Almost no effect here on MS-Windows:

  (("built-in" . "Elapsed time: 0.859375s (0.093750s in 4 GCs)")
   ("with-find" . "Elapsed time: 8.437500s (0.078125s in 4 GCs)"))

It was 8.578 sec with the previous version.

(The Lisp version is somewhat faster in this test because I
native-compiled the code for this test.)

On GNU/Linux:

  (("built-in" . "Elapsed time: 4.244898s (1.934182s in 56 GCs)")
   ("with-find" . "Elapsed time: 3.011574s (1.190498s in 35 GCs)"))

Faster by 10% (previous version yielded 3.327 sec).

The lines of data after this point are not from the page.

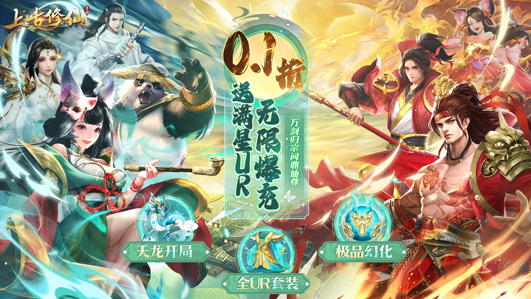 ★真0.1折,无物价上涨,福利送不停!开局天龙,再送648 ★充值比例1:10。在线送免费SSR猫妖。魔神降世,活跃送满星UR伙伴 ★打怪天天掉千元充值卡、各种极品幻化(SSR、SSSR、UR、SP) ★通关主线就送一万连抽+十万仙玉和UR伙伴。全新开箱子玩法,不一样的体验 ★天降神装,任务送全套UR幻化套装 ★登录送超值豪礼(送限定时装,送UR杨戬绝版守护,送限定UR坐骑,送UR小龙女绝版伙伴)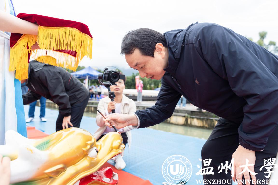 画龙点睛予祝福,百舟竞渡桨起舞。领导嘉宾在点睛台进行点睛仪式。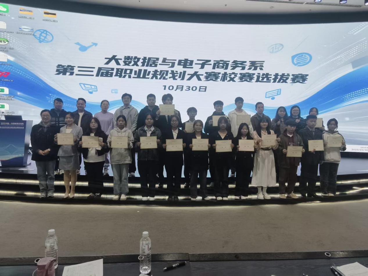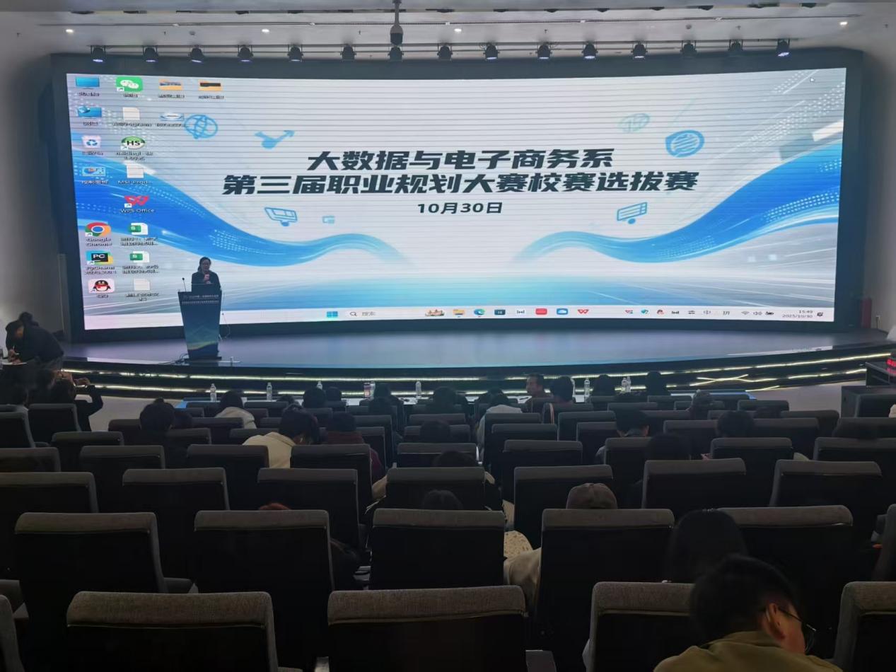 2025年10月30日下午,大数据与电子商务系在知行楼学术报告厅举办第三届职业规划大赛校赛选拔赛。选拔赛分为成长赛道、就业赛道,各赛道分设金奖1名,银奖3名,铜奖6名,金奖获得者、银奖获得者进入校赛。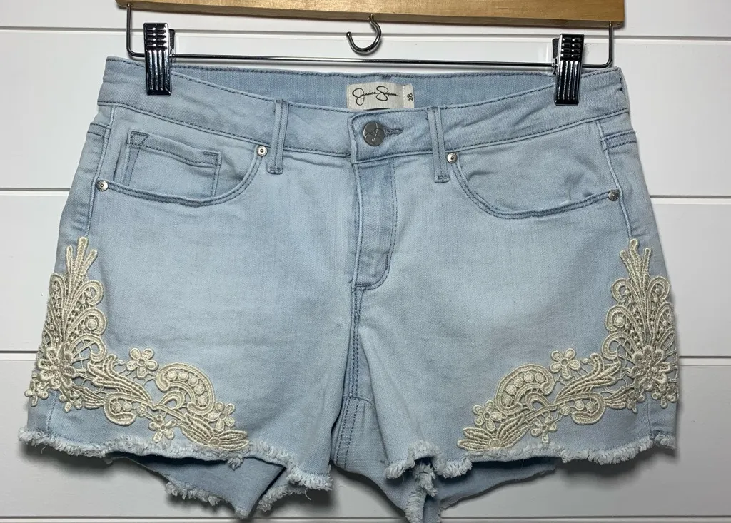 Jessica Simpson Cut off Stretch Blue Denim Almond Lace Short Bottom Size 28 gently worn, great cond... Show more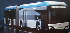 Der Urbino 18 hydrogen bietet Betreibern eine Kapazität von bis zu 138 Passagieren und eine Reichweite von durchschnittlich 350 km mit einer Ladung und einer Ladezeit von 20 Minuten. Auf dem Dach sind 8 Tanks montiert, die 51,2 kg H2 fassen, wobei die Sicherheit durch verschiedene Systeme absolut gewährleistet ist, wie bei der Präsentation mehrfach betont wurde. Als Ausstattung bringt der Brennstoffzellenbus Features wie die Elektro-Busse mit – etwa Mirror Eye Kamerasystem mit Mobileye Shield zum Schutz von Fußgängern, das solaris-eigene eS Connect System, mit dem die Busdaten aktuell digital ausgelesen und mitverfolgt werden können, ohne dass Ruhezeiten notwendig sind. Für die Passagiere gibt es in dem attraktiv und hell gestalteten Innenraum u.a. USB Points zum Aufladen von Handys etc.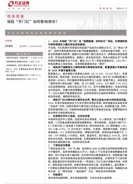 2026年伊始,中国资本市场呈现出鲜明的“股债分化”格局——A股沪指13连阳并突破十年新高,站上4100点,而债市则经历开年“三连跌”,长端利率快速上行,30年期国债收益率一度冲破2.33%,国债期货TL合约创近一年新低。在权益市场火热吸引资金的同时,保险业的“开门红”正在悄然为债市注入新的变量。方正证券研究所最新发布的《保险“开门红”如何影响债市?》报告指出,2026年保险开门红呈现“规模稳增、结构优化”的特征,负债端转型与银保渠道发力奠定了充裕的资金供给基础,资产端聚焦长久期利率债与高等级信用债的配置逻辑,将对全年债市形成重要支撑。但同时,开门红带来的资金效应也存在边界,需警惕股市分流与利率波动对债市支撑效果的扰动。

Btw, I needed to fix the code: when-let needs 2 open parens after it,
not one.  The original code signals an error from the filter function
in Emacs 29.

> >>   (cl-assert (null _predicate) t "find-directory-files-recursively can't 
> >> accept arbitrary predicates")
> >
> > It should.
> 
> This is where I think a fallback would be useful - it's basically
> impossible to support arbitrary predicates efficiently here, since it
> requires us to put Lisp in control of whether find descends into a
> directory.

There's nothing wrong with supporting this less efficiently.

And there's no need to control where Find descends: you could just
filter out the files from those directories that need to be ignored.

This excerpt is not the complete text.